**TASK**
Whenever a picture appears, leave it out while repeating all the other data exactly.

━━ PROVIDED MATERIAL ━━

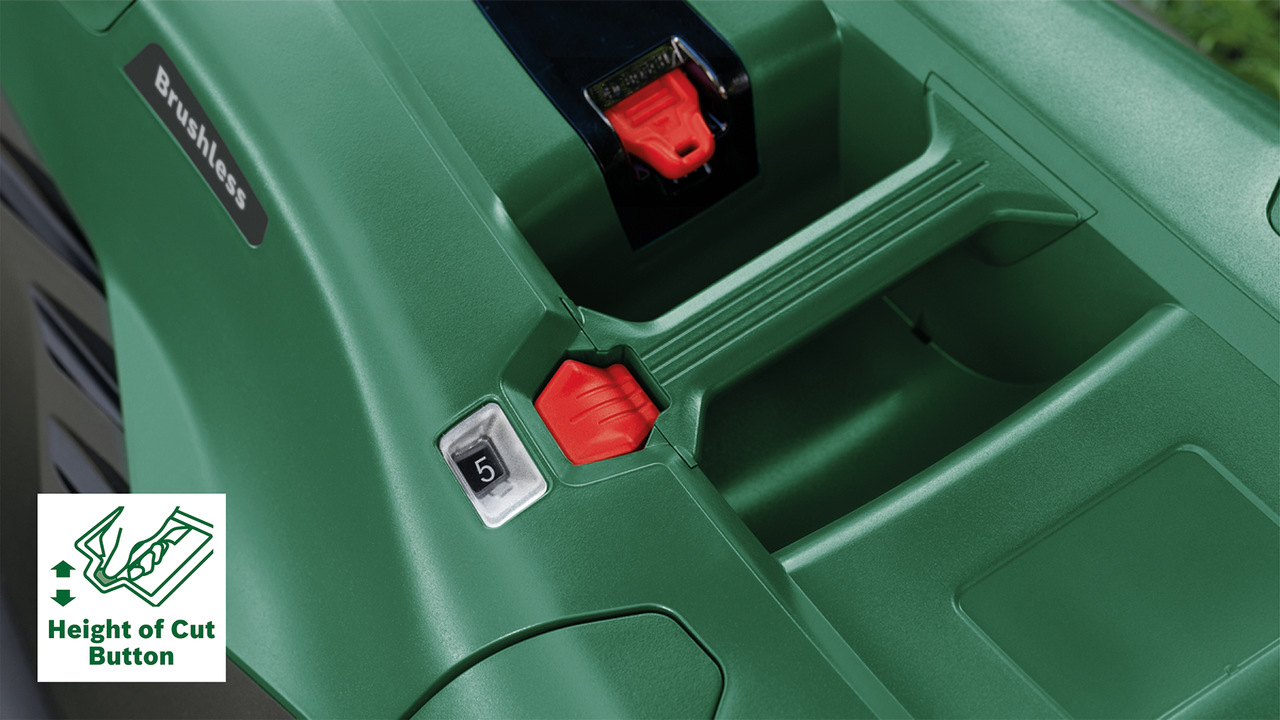 Customizable Cutting: Switch between 7 different height settings (25 mm to 80 mm) at the push of a button to suit your lawn’s needs.
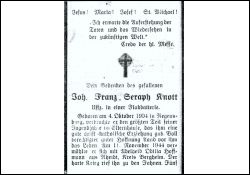 Gefallener 2. Weltkrieg; er diente 5 J. als Soldat; er starb bei der Verteidigung der Stadt Köln; ∞ 11.11.1944 Adelheid Odilia Hoffmann aus Rheidt, Kr. Bergheim/Erft |
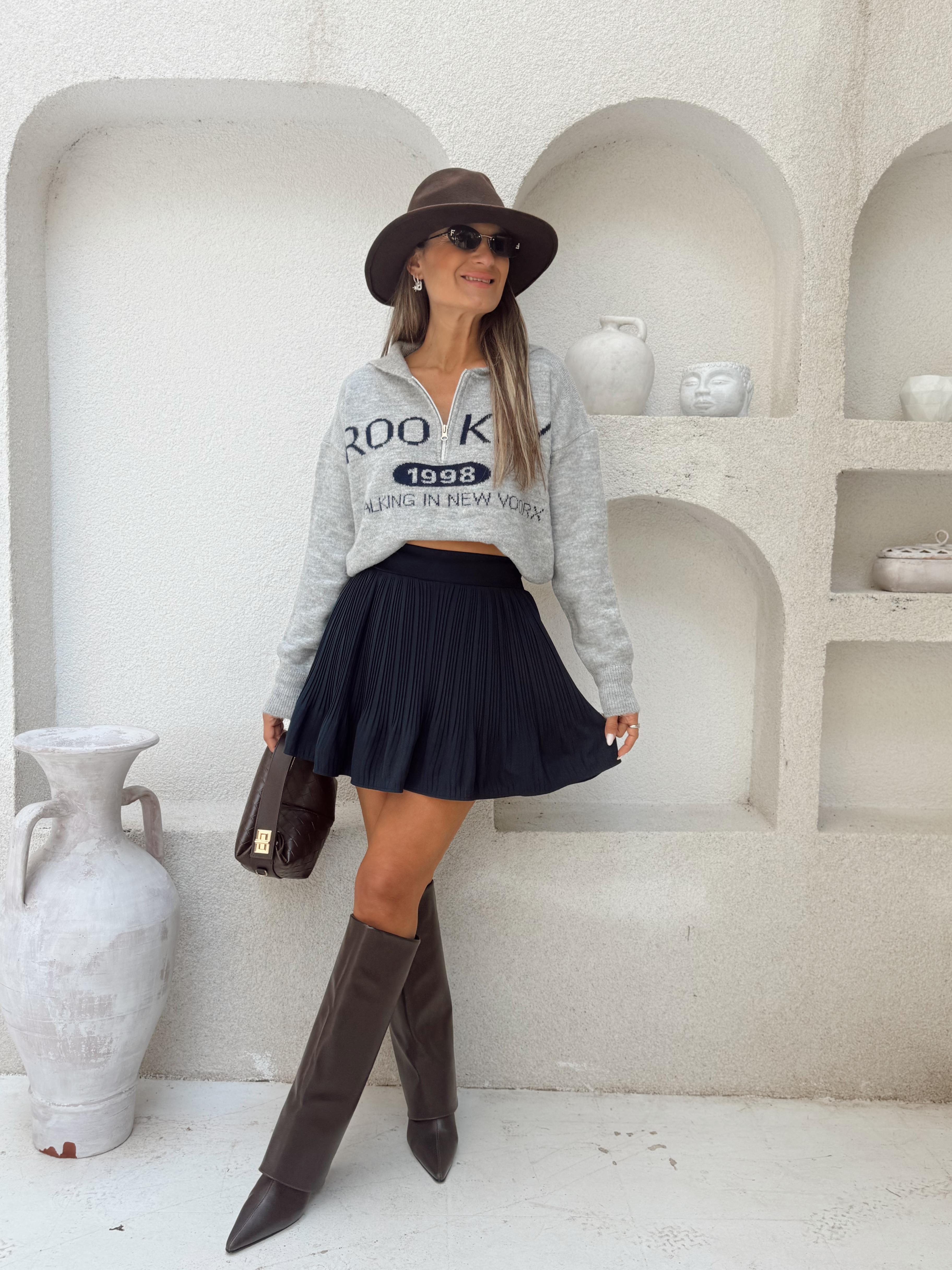 Nişantaşı Butik ŞORT ASTARLI LACİVERT PİLİSELİ ETEK

━━━

**EXERCISE OUTPUT**
 Customizable Cutting: Switch between 7 different height settings (25 mm to 80 mm) at the push of a button to suit your lawn’s needs.
 Gefallener 2. Weltkrieg; er diente 5 J. als Soldat; er starb bei der Verteidigung der Stadt Köln; ∞ 11.11.1944 Adelheid Odilia Hoffmann aus Rheidt, Kr. Bergheim/Erft |
 Nişantaşı Butik ŞORT ASTARLI LACİVERT PİLİSELİ ETEK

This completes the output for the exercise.